As he started down the corridor, McCloud glanced back at me in a defensive kind of way. I followed him, my finger never leaving the trigger, and grinned slightly…I couldn't wait to see his reaction to the sights I had come across. He walked slowly, eyes darting around, and I had to roughly nudge him a few times, though I couldn't really blame him…I was the one shuffling around like a fucking baby only a half hour before.   
Fox's expression when he saw the dead monster in the corridor was just as classic as that unfortunate leopard who got ripped apart in the test chamber. He rounded the corner and saw the bulbous, hellish mass lying there and stopped short. He recoiled back and bumped into me, nearly causing me to fire, and hit the back wall, his eyes wide as plates. I could tell from the way he started to double over, hands over his muzzle, that he was about to heave. Truthfully, the idea hadn't escaped me either…the corpse was beginning to stink up the corridor like an open sewer.   
"What…what the…" he choked out between swallows, trying to keep his lunch down, still staring at the monster. "What…is…that thing?"   

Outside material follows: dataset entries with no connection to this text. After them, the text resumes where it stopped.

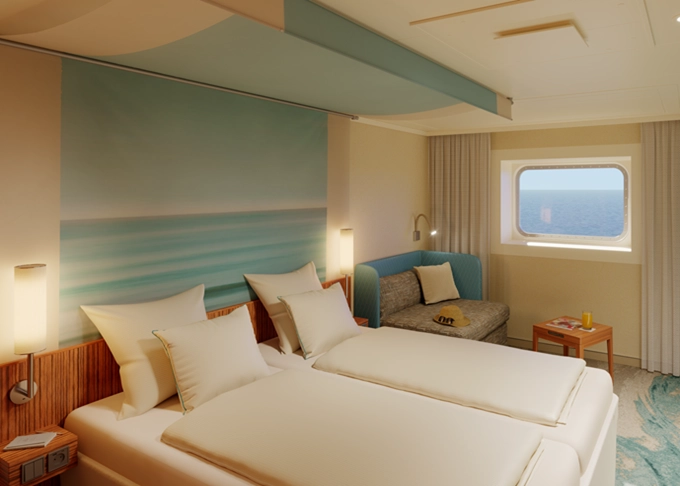 | CA - Vonkajšia kajuta PREMIUM / obmedzený výhľad 14-16,5 m². Neotvárateľné okno / obmedzený výhľad. 6. paluba. Max 2 osoby. Cenový model Premium. | 1 780 € 890 € za osobu | ||
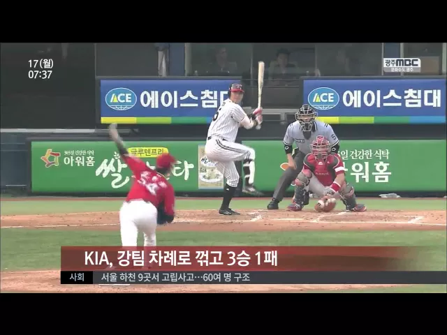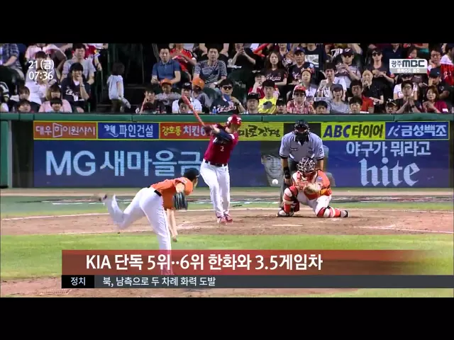 ◀앵 커▶ 스포츠투데입니다. KIA 타이거즈, 참 감질맛나는 순위 경쟁을 이어가고 있습니다. 단독 5위 입성의 기쁨을 맛보고 있었는데요. 하루만에 다시 5위 자리를 내줬습니다. 올 시즌 치른 첫 월요일 경기에서 엘지에 한 점차로 승리를 내주며 아쉽게 고개를 떨궜습니다. ◀VCR▶ 두 점 뒤지던 9회. 김민우가 솔로포를 쏘...
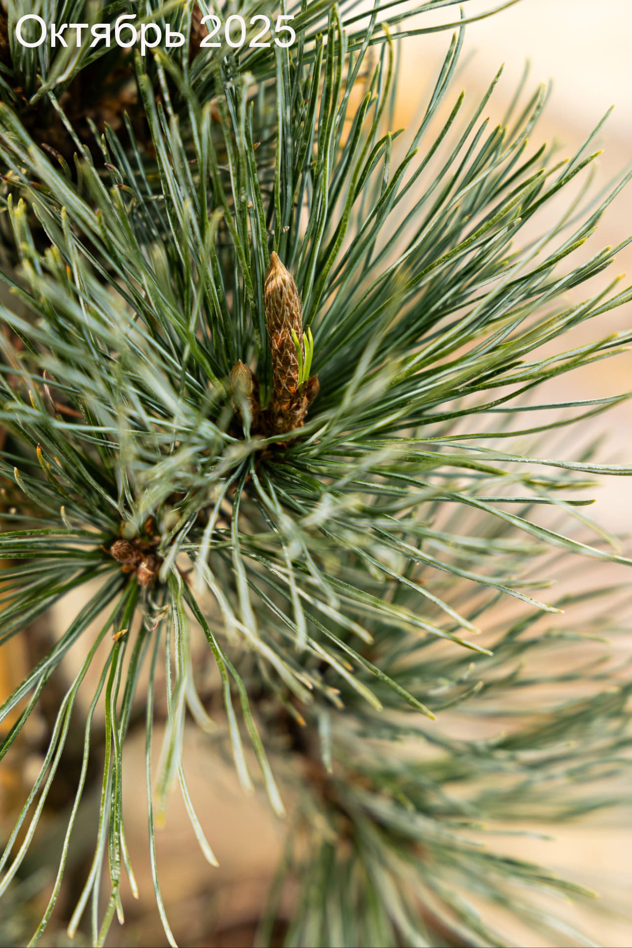 - хвоя тёмно-зелёная, тонкая, трёхгранная, в пучках по 5 штук
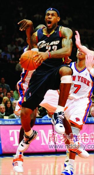 不過兩天前比賽的最后,麥迪遜花園球館里滿場響起“MVP”的呼聲,昨天的“皇帝”卻沒能享受如此待遇,雖然紐約人依舊對明年詹姆斯的加盟充滿期待,但主隊昨天直至最后仍未放棄獲勝希望讓主場球迷無法倒戈,終場前1分鐘尼克斯還僅以100比102落后兩分。可惜詹姆斯隨后以個人第11次助攻幫助伊爾戈斯卡斯上籃成功,終場前22秒又搶下關鍵籃板迫使對手犯規(guī),兩罰兩中完成了自己的得分50+,尼克斯無力翻盤。
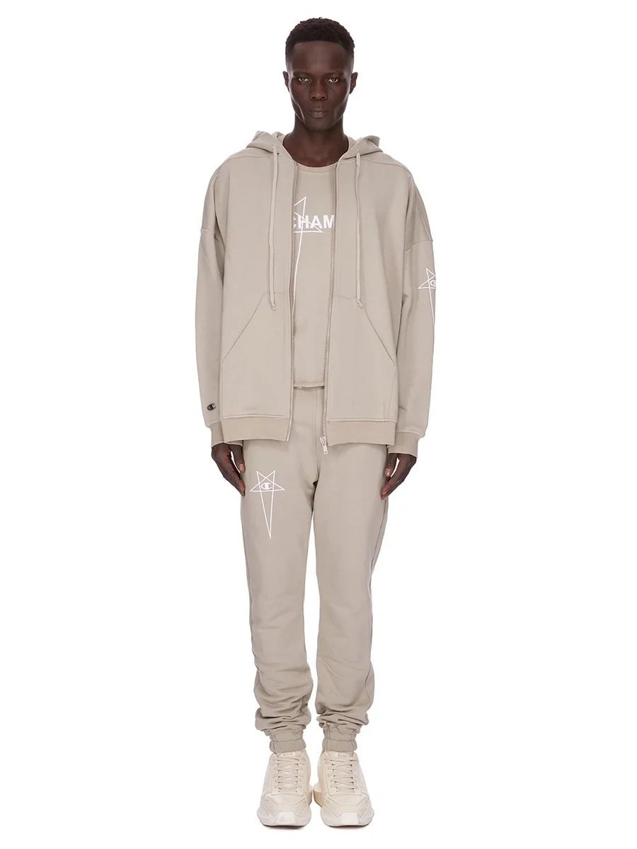CHAMPION X RICK OWENS SS25 JOGGINGBROEK IN PEARL COMPACT FELPA JERSEY
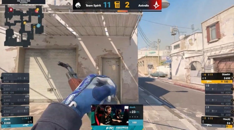 5月18日讯 PGL阿斯塔纳终于迎来最终决赛,由Astralis对阵Spirit!图一Dust2上半场Spirit先攻,donk在多回合中打出双杀与三杀,并在第4局双杀独自打开B区缺口。Spirit多点开花,choppe
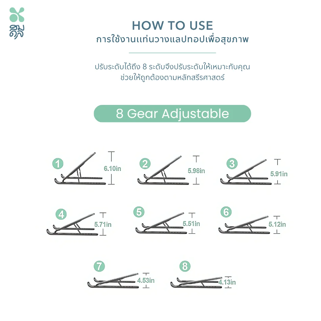 – ขนาดของแท่นวาง notebook ปรับได้ถึง 8 ระดับ
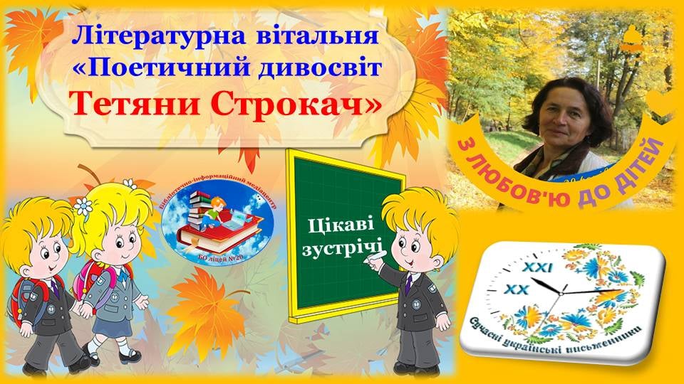 Під час проведення Всеукраїнського місячника шкільних бібліотек, який проходить під гаслом «Краєзнавство у шкільній бібліотеці: традиції та цінності» до бібліотечного медіацентру завітала білоцерківська талановита дитяча поетеса Тетяна Строкач. Цікавою, пізнавальною та захоплюючою була подорож читайликів 3-А класу (кл. керівник Куницька Н.М.) по сторінках книг-схованок Тетяни Строкач «Хто схова...
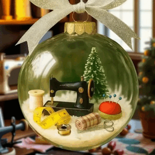 🥰Inside this delicate globe is a tiny world any sewist would adore: a vintage sewing machine, rolls of fabric, a cheerful mini Christmas tree, and the little essentials we can’t live without — tape measure, pincushion, scissors, and bobbins — all nestled in a bed of snowy sparkle.

"Beauty, aint it?" I replied, enjoying the scene. "Like I said, this is a bio-weapons research lab, and a gas that turns people into that is the product. Great show to watch. Unfortunately, the shit-for-brains techies didn't keep their equipment working, and the gas was released, along with a couple of the freaks."   
"The…the blast," Fox said, cocking an eyebrow.   
"What?"   
He slowly stood up again, leaning on the wall for support. "When I was on the roof…a bunch of gas was shot out of the base."   
"That was me purging it," I replied, slitting my eyes. "Wait a minute…you mean you came down here voluntarily after seeing that?"   
He nodded and I slowly shook my head. "You're a fucking moron, you know that?"   
It was a rhetorical question, but he grimaced and muttered, "Believe me, I know."   
I was about to make further soul-shattering comments on his intellect, but I was interrupted by another argument…a guttural scream that echoed distantly through the hall. I decided not to argue. Fox also heard it and his frightened expression told me that he had no objections to continuing either. "Come on, go, now!"   
We continued back towards the armory, moving a little quicker, but running was out of the question…didn't want to risk being heard or turning a corner and skidding right into the arms of one of the freaks. I kept the gun trained behind us, glancing back every few seconds, but no more screams were heard and no monster made our acquaintance. It's times like those that having one eye can be a real pain in the ass.   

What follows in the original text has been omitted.